Debunking Data-Intensive Applications

February 17, 2021

9 min read

“Our motto is still alive and to the point: Pessimism of the intellect, optimism of the will.”

— Antonio Gramsci, adapted from Romain Rolland

There is something fascinating about solving a seemingly impossible problem. This is perhaps what The Queen’s Gambit and data conflict resolution have in common. Watching Martin Kleppmann’s talk on the latter at the 2016 GOTO conference, I realized that this is what’s really interesting about designing distributed data systems: It’s a seemingly impossible attempt to decide what’s real amid conflicting accounts—and yet, somehow, we manage to do it anyway. This talk, many recommendations, and the ever-growing importance of distributed data in backend engineering all prompted me to read the second section of Kleppmann’s book, Designing Data-Intensive Applications, where he discusses the core concepts and tradeoffs involved in designing distributed data systems, from replication and partitioning to transactions and consensus algorithms. I walked away from an initial read of this section of the book with a lot of my previous ideas about distributed systems debunked—from the meaning of concurrency, to the nuances of popular concepts such as ACID and CAP, to the reliability of clocks.

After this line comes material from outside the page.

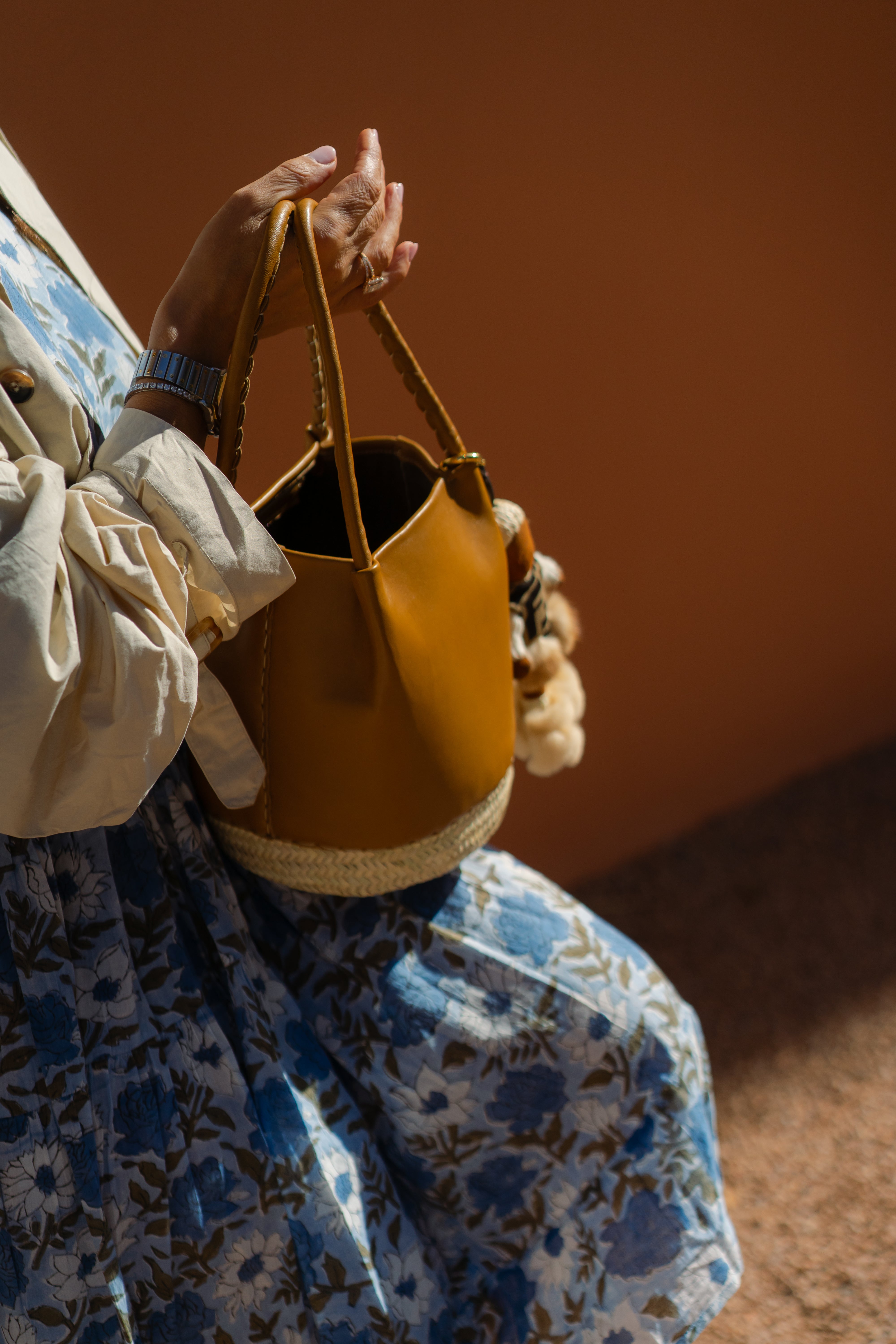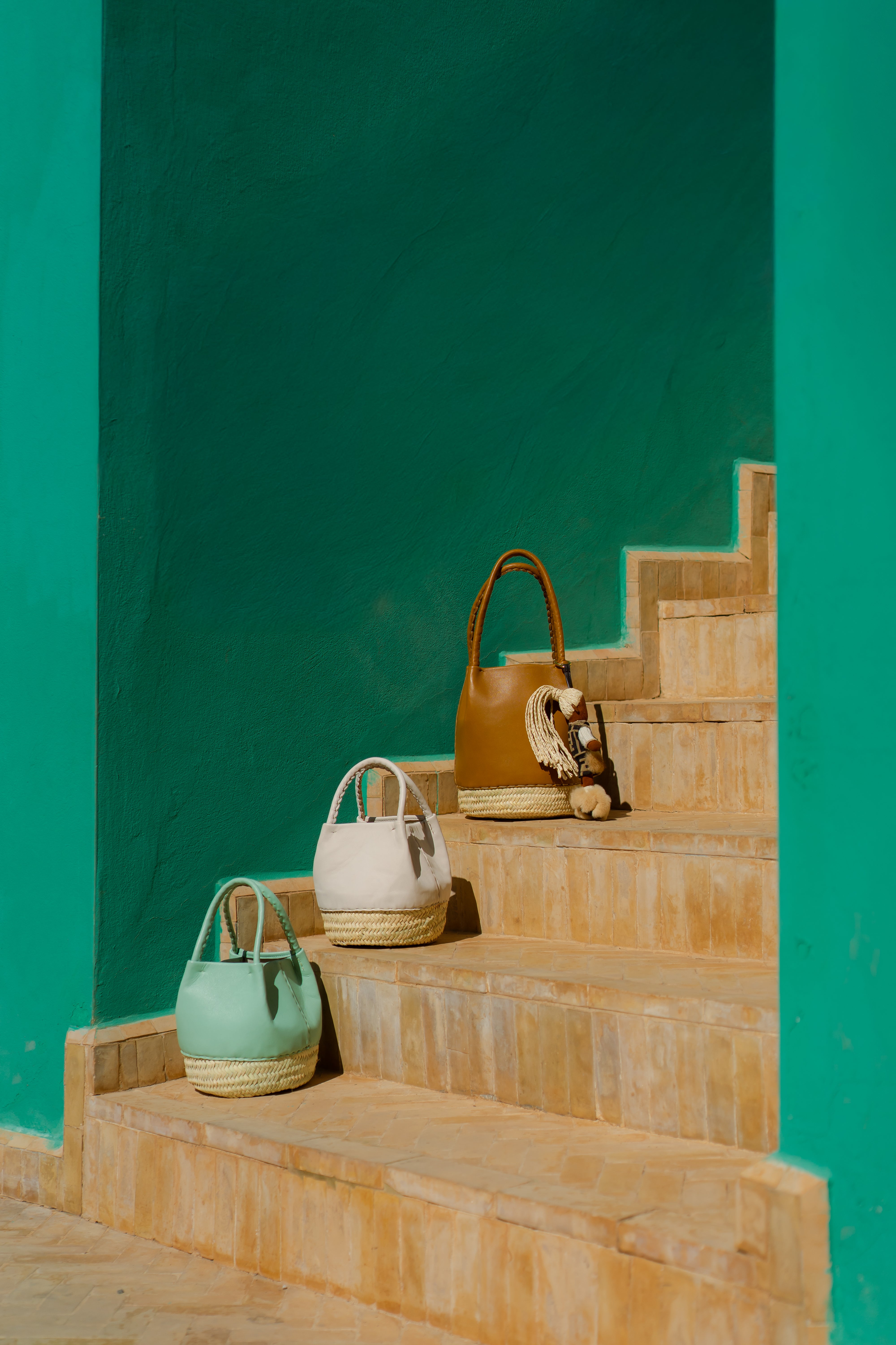 Bolso de piel y palmito realizado a mano tamaño grande. MATERIAL: Piel y palmito. ORIGEN: Marruecos. MEDIDAS: 21x18 cm aproximadamente. COLECCIÓN: Catalina Socias 2026. CUIDADOS: Limpieza delicada / No sumergir

2020%205%203%20An%20Error%20Alerting%20System%20of%20One%20s%20Own/Screenshotfrom2019-01-2216-45-38.png A map of the sea of distributed data, where each island represents a chapter in the book. Source: Martin Kleppmann’s GitHub repo of DDIA literature references.

Concurrent doesn’t mean simultaneous

The reason this challenge of reconciling conflicting accounts arises in distributed systems to begin with is that we have more than one node. In distributed systems using single-leader replication, this isn’t an issue: Only one node can be the leader, and only that leader node can accept writes, copying them over to the remaining read-only nodes. Of course, replication lag and even data loss can still occur, causing different nodes to have different versions of the data, but a single source of truth for writes still exists. A whole other beast reveals itself when we consider multi-leader and leaderless replication, where more than one node—sometimes even all nodes!—can accept writes. The problem then becomes not just ensuring that all nodes have the same data, but agreeing on what that data should be in the first place. This is because a write processed by Node A may conflict with another write processed by Node B; in this situation, how do we decide who’s “right”?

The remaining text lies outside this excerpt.